Прохожие теснились, пригибаясь к стеклу, за которым висели развёрнутые страницы последнего номера. Через неподвижные головы Пастухов увидел рамочки объявлений знакомых магазинов, театральные анонсы, портреты новых членов городской управы. Среди них выделялся очень толстый рябой коммерсант, примелькавшийся на улицах своей представительной походкой деятеля, за что его и избрали, как прирождённого отца города. Ничего занятного в газете не было, хотя читатели льнули к стеклу, продолжая силиться разобрать в нараставшей темноте слепой шрифт.

Вдруг вспыхнули оконные лампочки, и на загоревшейся жёлтым светом полосе Пастухов прочитал ничем не отличный от прочих заголовок: «Исчезновение Л.Н.Толстого». Взгляд быстро схватил первые фразы: «Потрясающую весть принёс телеграф. Исчез из дома неизвестно куда великий писатель земли русской…» Пастухов протёр покрепче глаза. Пыли набилось много, она царапала веки, слеза набегала больше и больше, «…видимо, тяготился тем, что ему приходилось жить в некотором противоречии с своим учением, на что многие довольно бесцеремонно и указывали. Чуткая душа Толстого не могла не страдать от этого…»

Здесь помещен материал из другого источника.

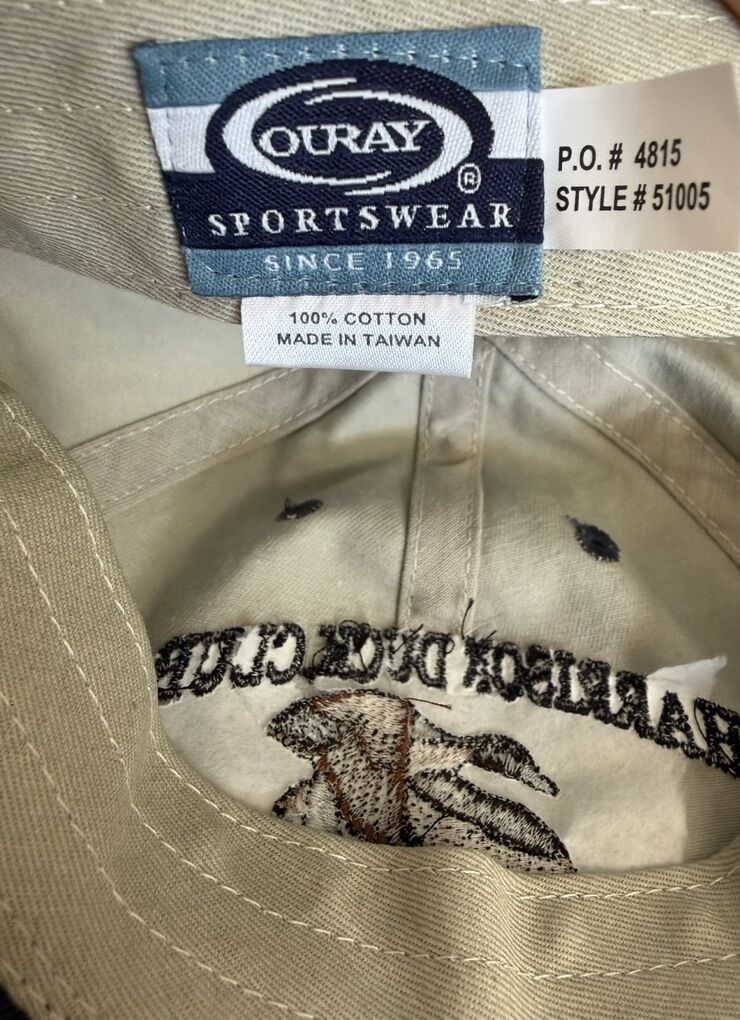 The Vintage 1990’s Harrison Duck Club Beige Embroidered Adjustable Hat by Ouray is a stylish unisex accessory perfect for various occasions such as travel, activewear, parties, casual outings, and work. Made of comfortable cotton material in a solid beige color, this baseball cap features an adjustable strap for a customized fit. The embroidered design adds a touch of 90s outdoor style, suitable for hunting, fishing, and other outdoor activities. Whether you're looking for a hat for winter, summer, fall, or spring, this vintage piece is a versatile addition to any wardrobe.
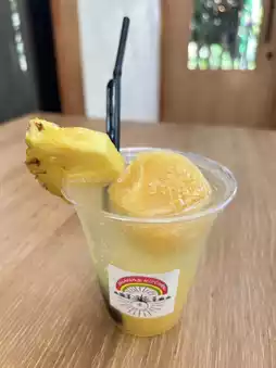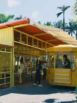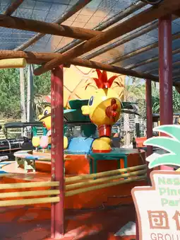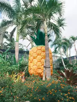 You can take a ride on a cute self-driving pineapple car when you enter the park
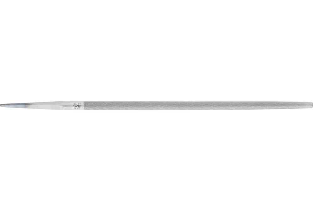 Pilnik okrągły, z nacięciami dookoła. Wykonanie z chwytem. Kształt F wg normy DIN 7261. Do obróbki profili okrągłych i półokrągłych.
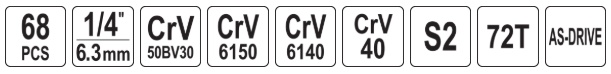 material: steel 40 CrV, CrV 6140, CrV 6150, CrV 50BV30 (sockets) and S2 (bits)
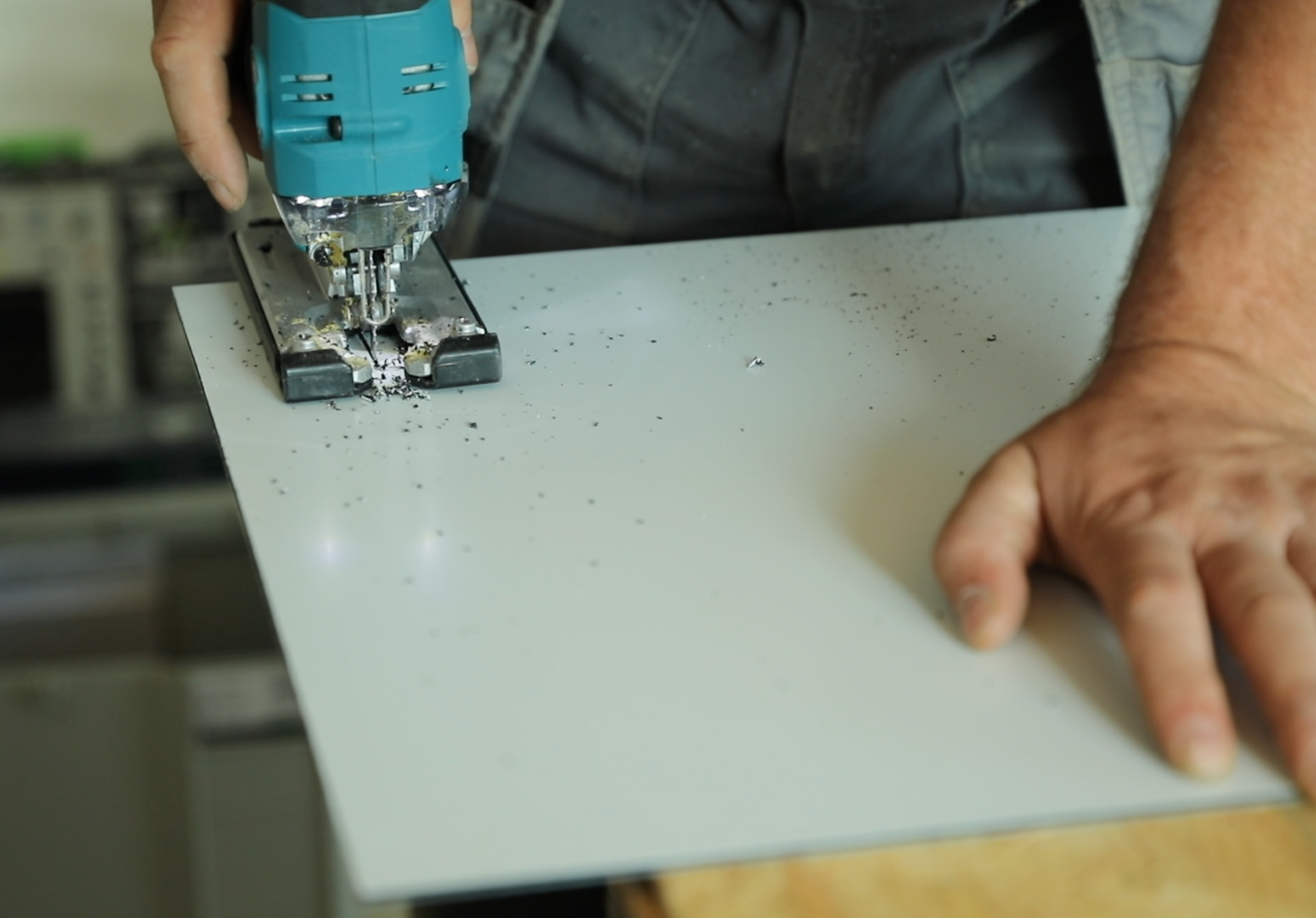 Zeichne die Schnittlinie auf ein Stück Malerklebeband, welches du auf die Platte fixierst, Verwende stets ein Sägeblatt mit einer feinen Verzahnung, beispielsweise ein Sägeblatt, welches zur MItte hin feiner ist. Wähle weiterhin eine Säge mit einer guten Spanabfuhr und einer hohen Drehzahl, um eine ausgefranste Schnittkante zu vermeiden. Für das Ausbohren von Löchern kannst du auch eine Bohrkrone verwenden. Achte beim Sägen und Bohren von Acrylglas darauf, Sägeblätter und Bohrer zu nutzen, die für PMMA geeignet sind. Bevor du mit dem Sägen loslegst, solltest du dir eine Schutzbrille und einen Gehörschutz aufsetzen - safety first.
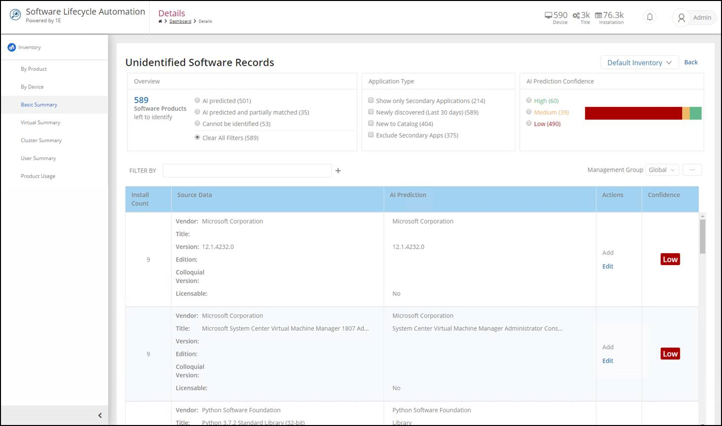 AI predicted and partially matched: Where the vendor or title was identified through previous knowledge from the 1E Catalog, these records have a default high confidence score
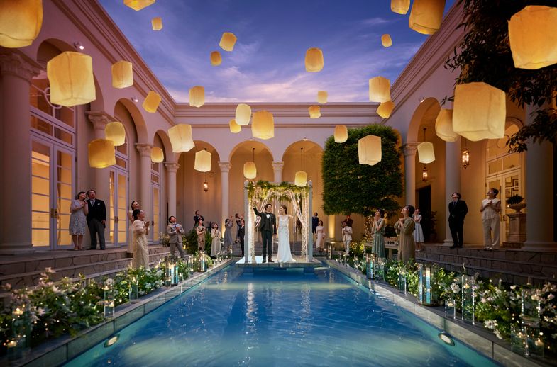 03.会場隣接のプール付ガーデンの使い方はふたり次第。 プライベート空間で非日常感を満喫
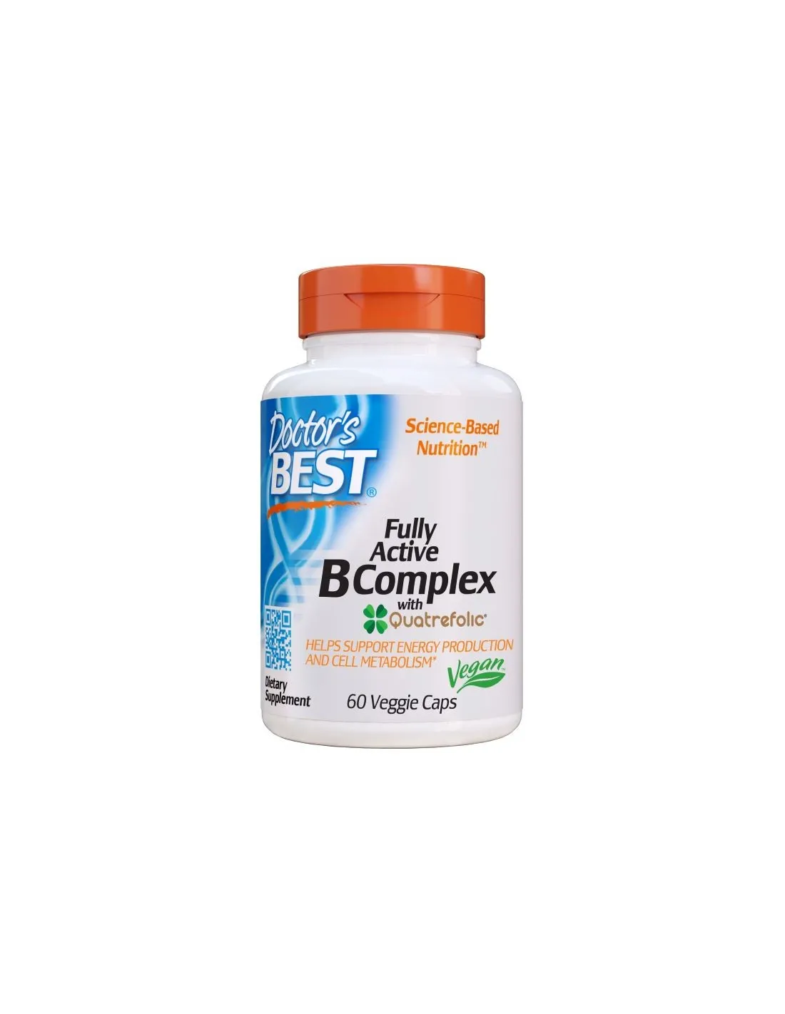 Doctor's Best Fully Active B-Complex è disponibile in capsule vegane in una confezione da 60. Il dosaggio consigliato è di assumere 1 capsula al giorno con il cibo per ottenere i migliori risultati. Come integratore alimentare vegetariano ad alto dosaggio, è privo di glutine, latticini e soia.

— Что такое? — сказал Пастухов, наваливаясь всем телом на чью-то спину и перескакивая напряжённым взглядом через рябившие строчки. «От собственного корреспондента… Местопребывание неизвестно. Первые поиски безрезультатны… Графиня Софья Андреевна покушалась на самоубийство… велел заложить лошадей и… Вечерние телеграммы. Вчера в 1-м часу ночи семья Толстого вся в сборе… Горе семьи, особенно Софьи Андреевны, не поддаётся описанию…»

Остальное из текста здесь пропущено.